EXERCISE DATA:
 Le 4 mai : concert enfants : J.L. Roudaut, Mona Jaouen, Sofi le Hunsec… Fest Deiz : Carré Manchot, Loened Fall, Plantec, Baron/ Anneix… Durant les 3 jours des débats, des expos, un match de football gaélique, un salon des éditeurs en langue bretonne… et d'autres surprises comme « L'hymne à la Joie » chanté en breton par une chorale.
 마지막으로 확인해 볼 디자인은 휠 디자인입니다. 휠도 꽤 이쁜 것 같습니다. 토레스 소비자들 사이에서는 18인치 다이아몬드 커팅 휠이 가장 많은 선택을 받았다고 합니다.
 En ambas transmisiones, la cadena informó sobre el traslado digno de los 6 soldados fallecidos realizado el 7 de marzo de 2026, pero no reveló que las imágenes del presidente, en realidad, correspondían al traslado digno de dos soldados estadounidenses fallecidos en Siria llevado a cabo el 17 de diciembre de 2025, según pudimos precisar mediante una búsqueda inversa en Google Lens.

---

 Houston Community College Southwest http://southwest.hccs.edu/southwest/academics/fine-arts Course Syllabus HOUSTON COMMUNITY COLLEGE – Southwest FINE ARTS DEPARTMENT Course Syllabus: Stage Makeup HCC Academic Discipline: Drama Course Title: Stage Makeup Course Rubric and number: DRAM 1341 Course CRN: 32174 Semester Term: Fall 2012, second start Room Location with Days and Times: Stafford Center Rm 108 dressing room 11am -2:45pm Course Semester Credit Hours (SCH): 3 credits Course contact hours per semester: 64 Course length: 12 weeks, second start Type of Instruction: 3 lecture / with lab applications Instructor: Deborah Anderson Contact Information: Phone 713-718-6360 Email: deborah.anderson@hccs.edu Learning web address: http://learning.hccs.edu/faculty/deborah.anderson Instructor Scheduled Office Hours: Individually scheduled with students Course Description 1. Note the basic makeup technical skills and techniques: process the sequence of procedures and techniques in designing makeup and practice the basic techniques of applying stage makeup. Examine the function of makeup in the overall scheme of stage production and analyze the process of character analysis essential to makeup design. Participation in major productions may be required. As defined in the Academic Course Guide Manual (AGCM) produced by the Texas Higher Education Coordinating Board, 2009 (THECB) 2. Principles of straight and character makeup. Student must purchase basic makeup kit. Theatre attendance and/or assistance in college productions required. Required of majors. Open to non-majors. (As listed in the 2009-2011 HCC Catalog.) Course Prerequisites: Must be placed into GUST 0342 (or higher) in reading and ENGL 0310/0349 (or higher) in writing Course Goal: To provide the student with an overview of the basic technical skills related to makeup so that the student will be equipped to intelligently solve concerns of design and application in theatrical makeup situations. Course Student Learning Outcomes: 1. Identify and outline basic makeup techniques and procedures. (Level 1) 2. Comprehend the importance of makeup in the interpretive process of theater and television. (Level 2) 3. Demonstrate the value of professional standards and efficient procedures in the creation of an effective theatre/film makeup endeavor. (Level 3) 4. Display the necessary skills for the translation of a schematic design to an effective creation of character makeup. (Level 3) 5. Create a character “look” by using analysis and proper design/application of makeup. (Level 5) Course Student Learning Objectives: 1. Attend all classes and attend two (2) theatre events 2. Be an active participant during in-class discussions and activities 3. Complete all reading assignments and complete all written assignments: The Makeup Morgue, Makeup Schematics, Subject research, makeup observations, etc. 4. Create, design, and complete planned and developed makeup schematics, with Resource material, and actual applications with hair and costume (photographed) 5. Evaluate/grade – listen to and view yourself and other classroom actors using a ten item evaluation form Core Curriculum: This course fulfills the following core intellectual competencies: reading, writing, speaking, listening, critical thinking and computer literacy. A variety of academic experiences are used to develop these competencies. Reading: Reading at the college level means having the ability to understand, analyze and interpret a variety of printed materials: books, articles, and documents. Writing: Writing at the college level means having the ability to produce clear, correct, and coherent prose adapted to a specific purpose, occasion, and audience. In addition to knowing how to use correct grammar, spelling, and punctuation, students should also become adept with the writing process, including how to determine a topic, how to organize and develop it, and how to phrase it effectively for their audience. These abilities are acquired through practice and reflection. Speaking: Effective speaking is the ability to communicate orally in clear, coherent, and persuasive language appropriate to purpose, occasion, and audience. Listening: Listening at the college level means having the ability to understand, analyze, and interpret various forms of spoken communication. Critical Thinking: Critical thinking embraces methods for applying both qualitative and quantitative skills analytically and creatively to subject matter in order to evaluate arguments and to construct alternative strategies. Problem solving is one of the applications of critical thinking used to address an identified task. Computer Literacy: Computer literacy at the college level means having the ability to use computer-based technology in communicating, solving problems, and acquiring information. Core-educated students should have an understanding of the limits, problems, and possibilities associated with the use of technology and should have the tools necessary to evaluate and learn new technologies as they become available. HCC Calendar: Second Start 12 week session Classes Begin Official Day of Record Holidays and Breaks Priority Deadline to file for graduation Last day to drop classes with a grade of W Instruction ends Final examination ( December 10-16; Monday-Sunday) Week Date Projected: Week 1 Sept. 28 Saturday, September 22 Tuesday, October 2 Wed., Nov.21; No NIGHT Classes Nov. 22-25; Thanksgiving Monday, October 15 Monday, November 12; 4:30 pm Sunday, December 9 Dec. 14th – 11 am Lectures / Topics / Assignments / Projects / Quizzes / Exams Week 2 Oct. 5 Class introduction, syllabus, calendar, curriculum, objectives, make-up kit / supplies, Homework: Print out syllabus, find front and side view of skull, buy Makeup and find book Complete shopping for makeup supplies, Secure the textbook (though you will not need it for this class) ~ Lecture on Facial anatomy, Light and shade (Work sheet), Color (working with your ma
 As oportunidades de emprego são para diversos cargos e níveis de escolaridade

WORK ORDER: From the records above, quote only the lines running from the line with "Le 4 mai : concert" to the line with "En ambas transmisiones, la", both lines included.

ANSWER TO THIS PROBLEM:
 Le 4 mai : concert enfants : J.L. Roudaut, Mona Jaouen, Sofi le Hunsec… Fest Deiz : Carré Manchot, Loened Fall, Plantec, Baron/ Anneix… Durant les 3 jours des débats, des expos, un match de football gaélique, un salon des éditeurs en langue bretonne… et d'autres surprises comme « L'hymne à la Joie » chanté en breton par une chorale.
 마지막으로 확인해 볼 디자인은 휠 디자인입니다. 휠도 꽤 이쁜 것 같습니다. 토레스 소비자들 사이에서는 18인치 다이아몬드 커팅 휠이 가장 많은 선택을 받았다고 합니다.
 En ambas transmisiones, la cadena informó sobre el traslado digno de los 6 soldados fallecidos realizado el 7 de marzo de 2026, pero no reveló que las imágenes del presidente, en realidad, correspondían al traslado digno de dos soldados estadounidenses fallecidos en Siria llevado a cabo el 17 de diciembre de 2025, según pudimos precisar mediante una búsqueda inversa en Google Lens.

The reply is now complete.